→ **Aim of the exercise**
Output all entries exactly; images excluded.

Start of Block

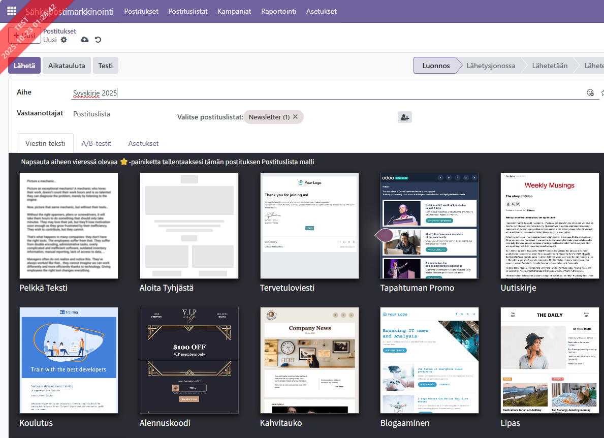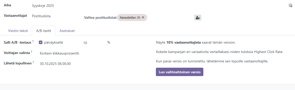 Kun testiaika päättyy, Odoo valitsee automaattisesti parhaiten suoriutuneen version ja lähettää sen lopuille vastaanottajille. -
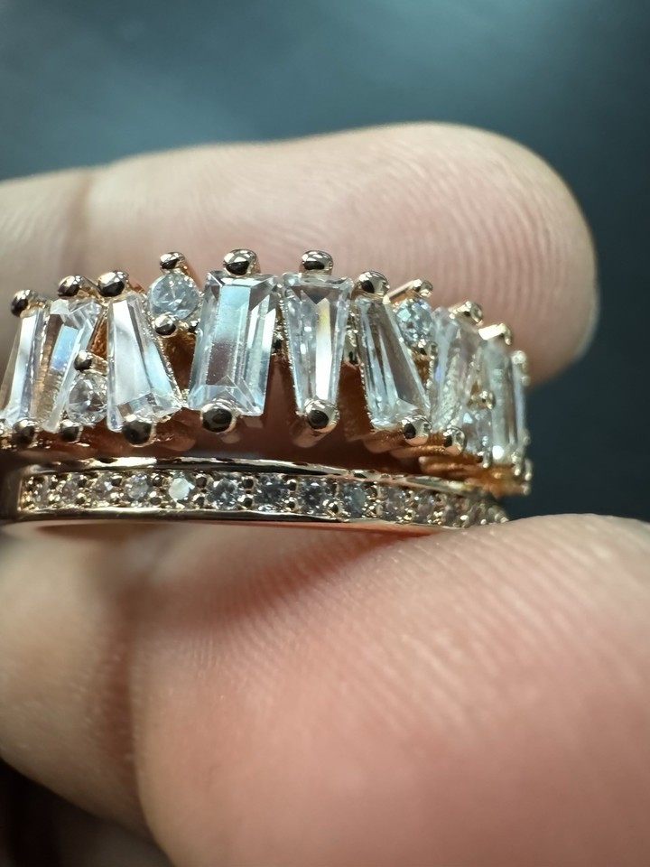 - 585 14K RG Stamped Rose Gold Symmetric Confetti Baguettes Adjustable Ring
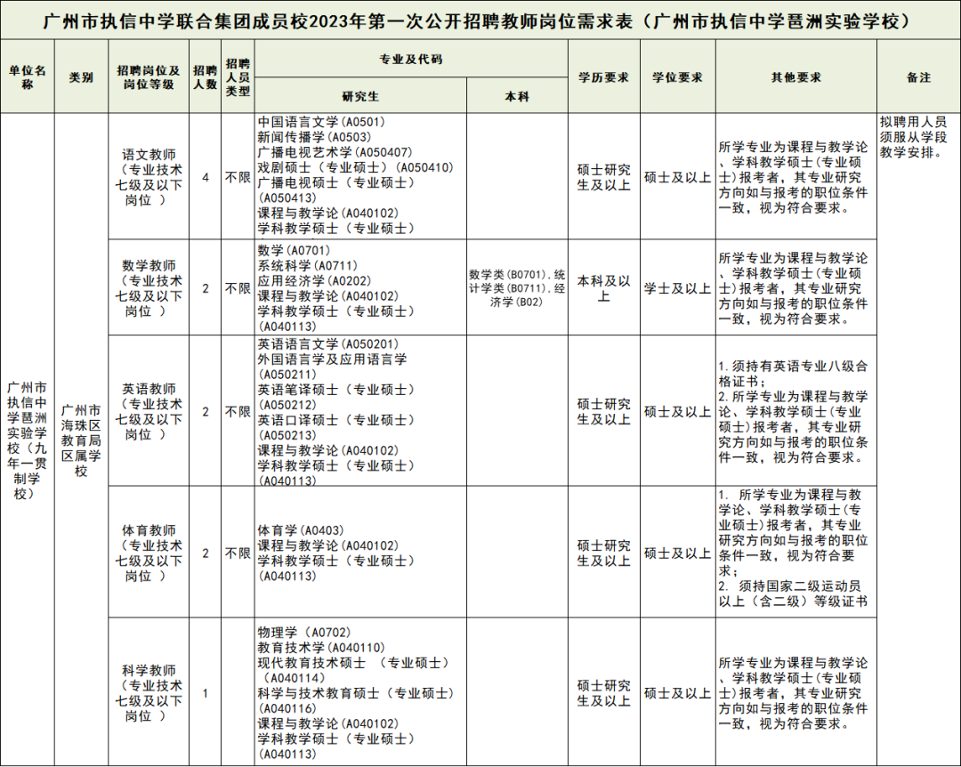 招聘岗位详见《广州市执信中学联合集团成员校2023年第一次公开招聘教师岗位需求表》(广州市执信中学琶洲实验学校)。以上获聘人员均为事业单位编制人员。
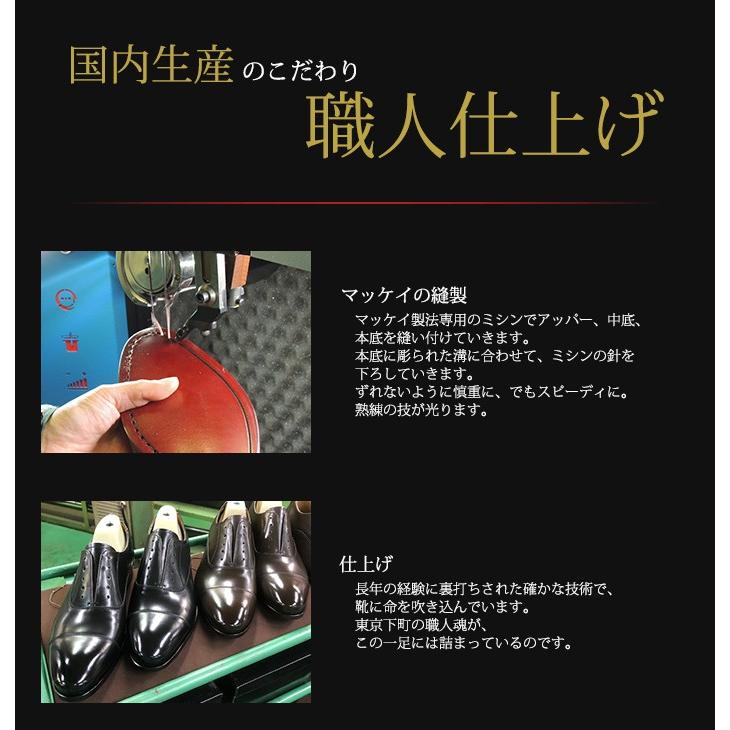 商品情報 使いやすいベーシックな内羽根ストレートチップデザインを、パーツひとつひとつにこだわり、伝統的なマッケイ製法で仕上げた当店オリジナルアイテム 甲材:美しい銀面の上質なキップスキンを贅沢に使用。しなやかで軽量 裏革:つま先からかかとまで、靴の内側はすべて摩擦に強い豚革を使用 中底:日本製の厚みのある牛ヌメ革で、使い込むことによりフィット感が向上 インソール:低反発クッションに厚みのある牛革を合わせたハーフタイプ 本底:牛革製の革底を採用し、革底ならではの高級感を放つ 靴紐:日本製のロウ引き丸紐を採用。細かいパーツにも妥協しない 当店だから出来る、革底タイプの高級革靴でアウトレット並みの価格を実現 高級靴の代名詞ともなる製法のひとつ「マッケイ製法」はシンプルな構造の製法であるためすっきりとスマートなシルエットの靴に仕上がる特徴があり、おしゃれで洗練された印象や足なじみの良さなどからビジネス、フォーマルスタイルからカジュアルスタイルまで、様々な場面、幅広い年代から支持を得ている つり込み、縫製、仕上げ。全てが東京下町 浅草の靴職人の匠の技 |
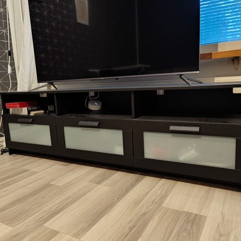 IKEA valkoinen kaappi, jossa kaksi ovea ja sisähylly. Sopii esimerkiksi säilytykseen olohuoneessa tai makuuhuoneessa. Käytetty TV-tasona ja taakse on leikattu aukko johdoille. Korkeakiilto ovet ja metallijalat.
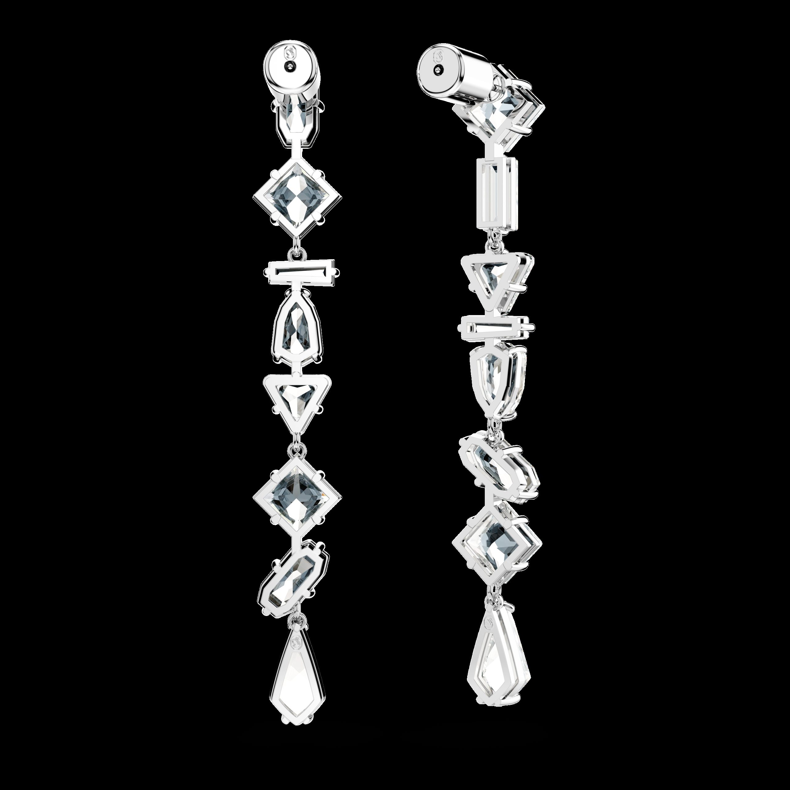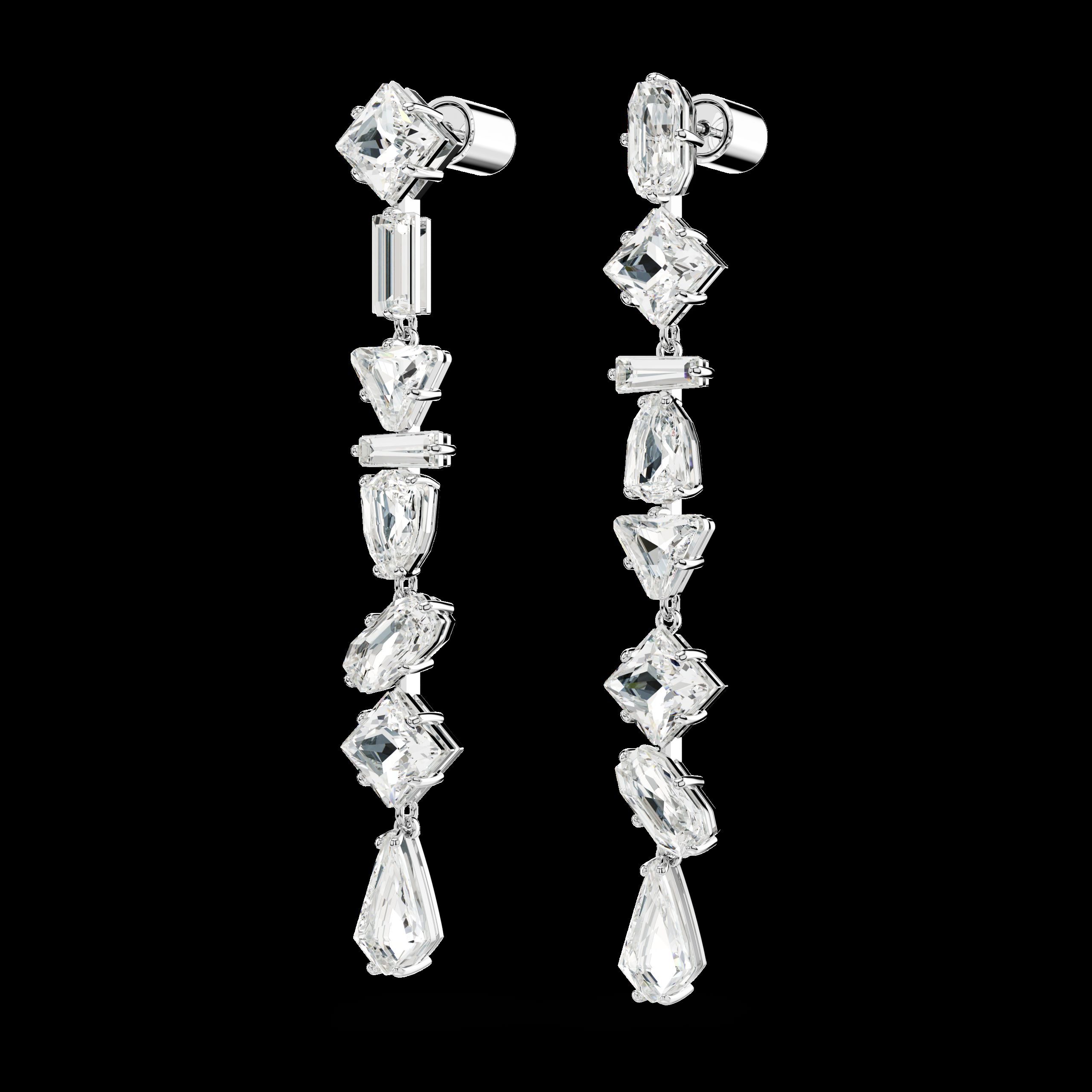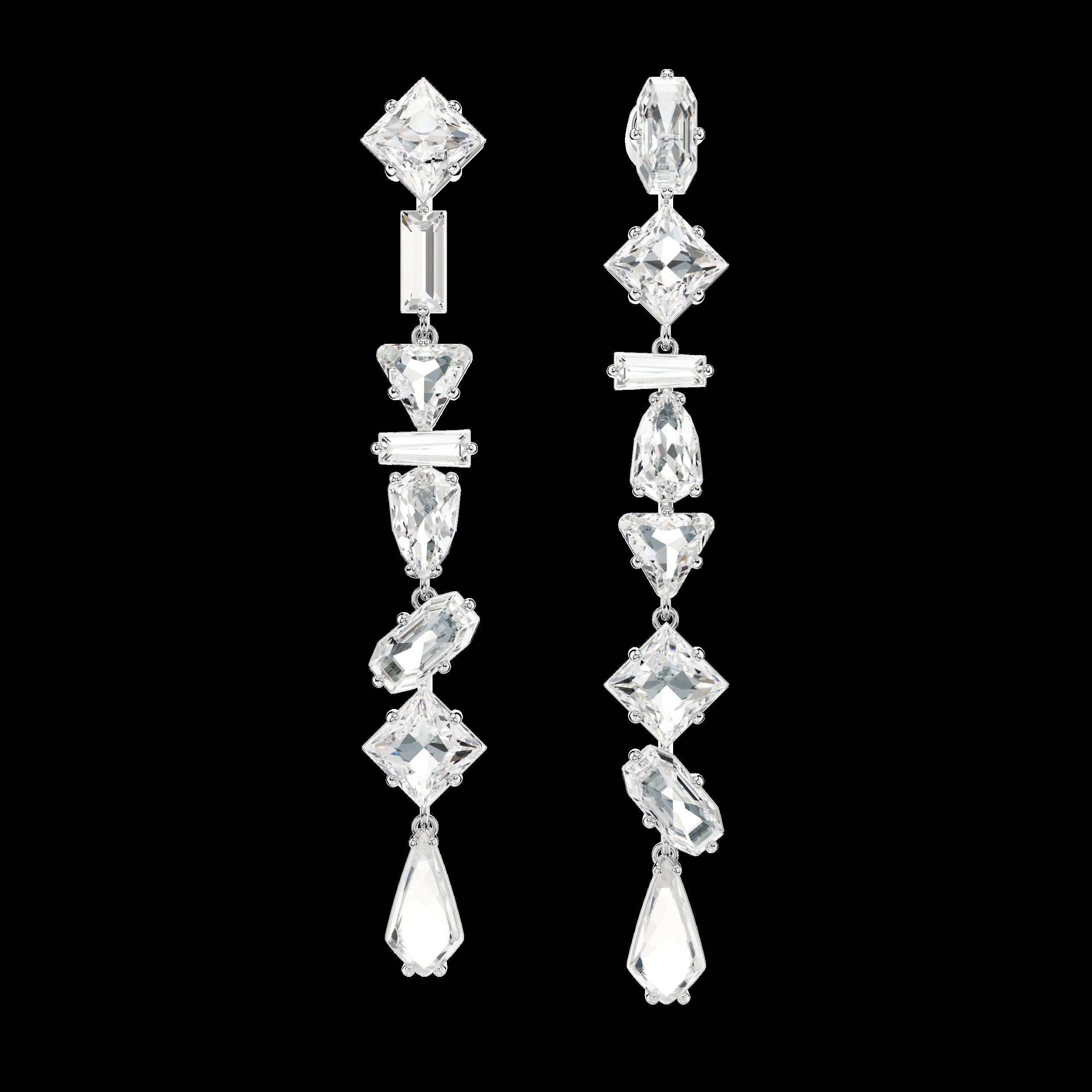 Questi splendenti orecchini Mesmera sono stati pensati per uno stile stravagante. Lo sfavillante design di ogni gioiello sfoggia una cascata di audaci cristalli con montatura a griffe, incastonati in una struttura placcata rodio e ogni pietra รจ realizzata in una forma diversa. Un meraviglioso mix di sfaccettature che catturano la luce fa di questo gioiello un regalo elegante per una persona cara.

End of Block

→ **Answer for this exercise**
 Kun testiaika päättyy, Odoo valitsee automaattisesti parhaiten suoriutuneen version ja lähettää sen lopuille vastaanottajille. -
 - 585 14K RG Stamped Rose Gold Symmetric Confetti Baguettes Adjustable Ring
 招聘岗位详见《广州市执信中学联合集团成员校2023年第一次公开招聘教师岗位需求表》(广州市执信中学琶洲实验学校)。以上获聘人员均为事业单位编制人员。
 商品情報 使いやすいベーシックな内羽根ストレートチップデザインを、パーツひとつひとつにこだわり、伝統的なマッケイ製法で仕上げた当店オリジナルアイテム 甲材:美しい銀面の上質なキップスキンを贅沢に使用。しなやかで軽量 裏革:つま先からかかとまで、靴の内側はすべて摩擦に強い豚革を使用 中底:日本製の厚みのある牛ヌメ革で、使い込むことによりフィット感が向上 インソール:低反発クッションに厚みのある牛革を合わせたハーフタイプ 本底:牛革製の革底を採用し、革底ならではの高級感を放つ 靴紐:日本製のロウ引き丸紐を採用。細かいパーツにも妥協しない 当店だから出来る、革底タイプの高級革靴でアウトレット並みの価格を実現 高級靴の代名詞ともなる製法のひとつ「マッケイ製法」はシンプルな構造の製法であるためすっきりとスマートなシルエットの靴に仕上がる特徴があり、おしゃれで洗練された印象や足なじみの良さなどからビジネス、フォーマルスタイルからカジュアルスタイルまで、様々な場面、幅広い年代から支持を得ている つり込み、縫製、仕上げ。全てが東京下町 浅草の靴職人の匠の技 |
 IKEA valkoinen kaappi, jossa kaksi ovea ja sisähylly. Sopii esimerkiksi säilytykseen olohuoneessa tai makuuhuoneessa. Käytetty TV-tasona ja taakse on leikattu aukko johdoille. Korkeakiilto ovet ja metallijalat.
 Questi splendenti orecchini Mesmera sono stati pensati per uno stile stravagante. Lo sfavillante design di ogni gioiello sfoggia una cascata di audaci cristalli con montatura a griffe, incastonati in una struttura placcata rodio e ogni pietra รจ realizzata in una forma diversa. Un meraviglioso mix di sfaccettature che catturano la luce fa di questo gioiello un regalo elegante per una persona cara.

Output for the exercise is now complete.